Bug #68150 InnoDB FULLTEXT Phrase Logic Incorrect
Submitted: 22 Jan 2013 21:39 Modified: 12 Feb 2013 18:32
Reporter: Greg Dietz Email Updates:
Status: Closed Impact on me:
None 
Category:MySQL Server: InnoDB storage engine Severity:S3 (Non-critical)
Version:5.6.7 OS:Windows
Assigned to: CPU Architecture:Any
Tags: fulltext, innodb

[22 Jan 2013 21:39] Greg Dietz
Description:
I have run into a series of issues with the handling of phrases in the InnoDB FULLTEXT searches. I haven't seen any release notes indicating these have been addressed in 5.6.8 or later, if I missed them please advise.

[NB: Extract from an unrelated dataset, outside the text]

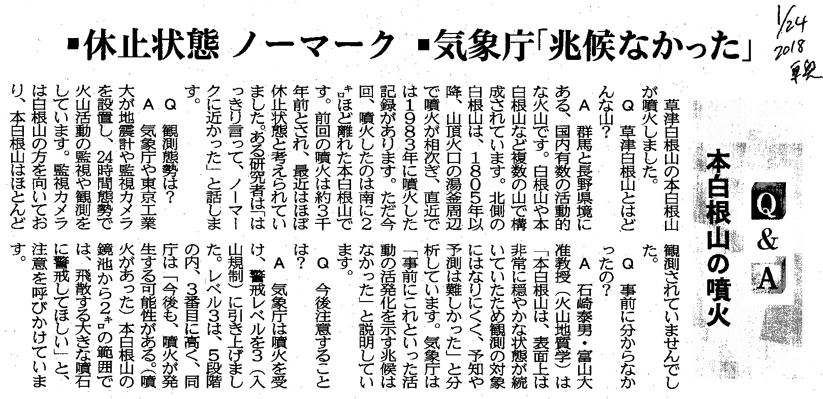 [2018_01_24_07]本白根山の噴火 休止状態 ノーマーク 気象庁「兆候なかった」(東奥日報2018年1月24日)

See the How to Repeat below for details but at a high level:

IN BOOOLEAN MODE
* Cannot put a + (AND) sign in front of a phrase - completely confuses the parser and results in zero rows
* If the phrase contains a stop word or short word - will return 0 rows

Phrase matches typically involve finding the articles that match the individual key words - then cross referencing them together and verifying the words appear in a specific order. So in the first case it finds all articles that match "this" AND "phrase" AND "here" and then takes that set and filters it to exact matches.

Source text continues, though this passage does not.